|Matthew Henry's Concise Commentary|
18:16-22 The two who are supposed to have been created angels went toward Sodom. The one who is called Jehovah throughout the chapter, continued with Abraham, and would not hide from him the thing he intended to do. Though God long forbears with sinners, from which they fancy that the Lord does not see, and does not regard; yet when the day of his wrath comes, he will look toward them. The Lord will give Abraham an opportunity to intercede with him, and shows him the reason of his conduct. Consider, as a very bright part of Abraham's character and example, that he not only prayed with his family, but he was very careful to teach and rule them well. Those who expect family blessings must make conscience of family duty. Abraham did not fill their heads with matters of doubtful dispute; but he taught them to be serious and devout in the worship of God, and to be honest in their dealings with all men. Of how few may such a character be given in our days! How little care is taken by masters of families to ground those under them in the principles of religion! Do we watch from sabbath to sabbath whether they go forward or backward?

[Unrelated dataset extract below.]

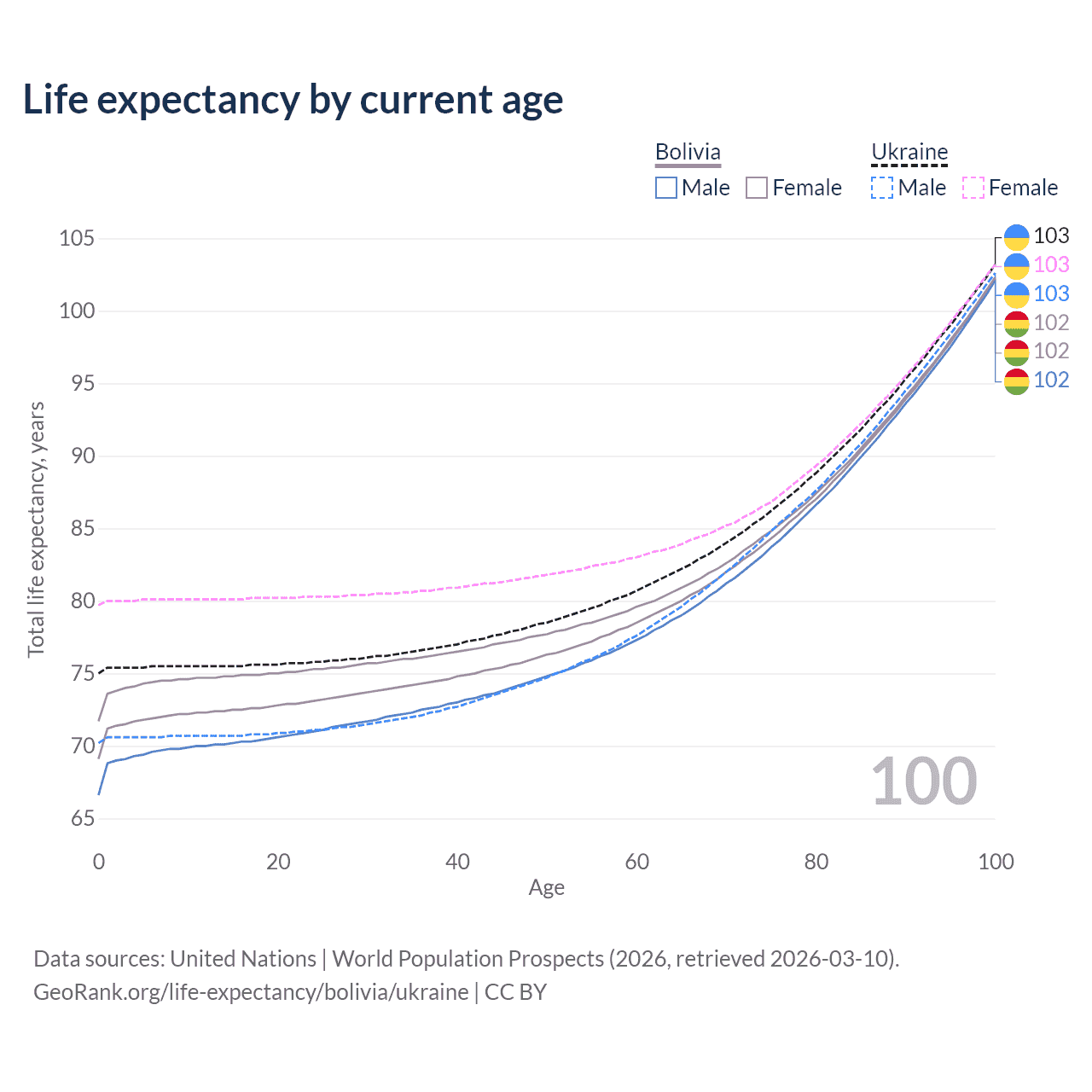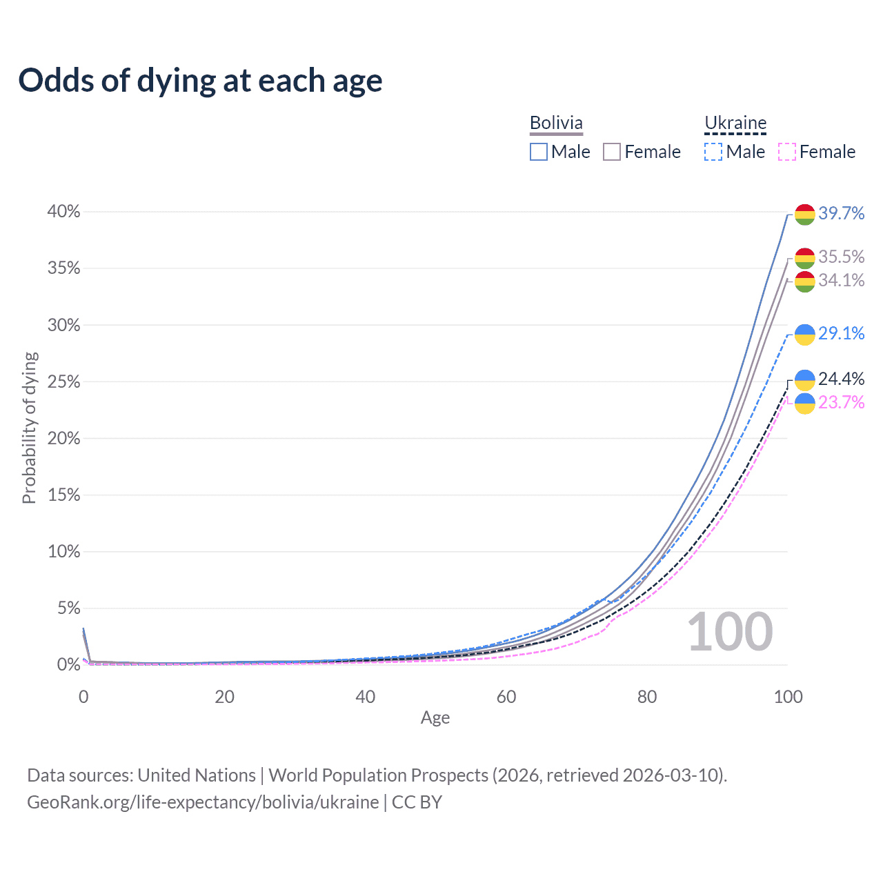 This life expectancy calculator shows the odds of living to 100, 95, 90, and below based on current age for both males and females in Bolivia and Ukraine, along with mean and median age of death. The calculations are based on the 2026 life tables (actuarial tables) from the UN World Population Prospects.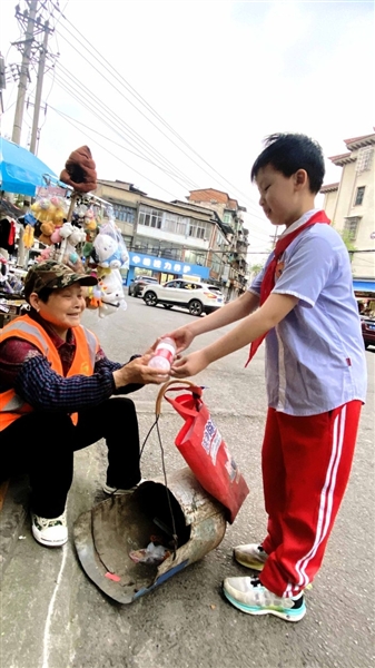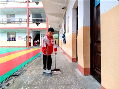 一次,他妈妈清理书包时,发现书包里有不少垃圾袋,便问他垃圾袋作何用。他回答道:“看到教室里有垃圾,为了使教室里整洁一些,便把家里的垃圾袋拿到学校,把班上的纸屑、果皮之类装进去,这样就会干净一些,这是我作为班长该做的。”

Verse 17. - And the Lord said (to himself), Shall I hide from Abraham - the LXX. interpolate, τοῦ παιδός μου; but, as Philo observes, τοῦ φιλοῦ μου would have been a more appropriate designation for the patriarch (cf. 2 Chronicles 20:7; Isaiah 41:8; James 2:23) that thing which I do. I.e. propose to do, the present being used for the future, where, as m the utterances of God, whose will is equivalent to his deed, the action is regarded by the Speaker as being already as good as finished (vide Ewald, 'Hebrews Synt.,' § 135; Gesenius, § 126).
Gill's Exposition of the Entire Bible
And the Lord said,.... Either unto Abraham himself, so leading on to what he was about to make known to him; and without supposing this it will be difficult to account for Abraham's intercession for Sodom upon this: or to the two angels with him; not as consulting them whether he should or no do what he next suggests, but to give to them Abraham's just character, and the reasons of his using him in such a friendly manner: or it may be, to the other divine Persons, the Father and Spirit, one with the Son of God, and always present with him:
shall I hide from Abraham the thing which I do? which he was about to do, namely, the destruction of Sodom and Gomorrah: the Jewish writers (a) observe, that these cities were given in the grant of the whole land to Abraham, and therefore it was right to acquaint him with it first: but other and better reasons are given in the next words; Abraham was a friend of the Lord, and he had showed himself friendly to him, not only now, but heretofore, and therefore will treat him as his friend, by imparting his secrets to him.
(a) Targ. Jerus. & Jarchi in loc.
Jamieson-Fausset-Brown Bible Commentary
17. the Lord said, Shall I hide—The chief stranger, no other than the Lord, disclosed to Abraham the awful doom about to be inflicted on Sodom and the cities of the plain for their enormous wickedness.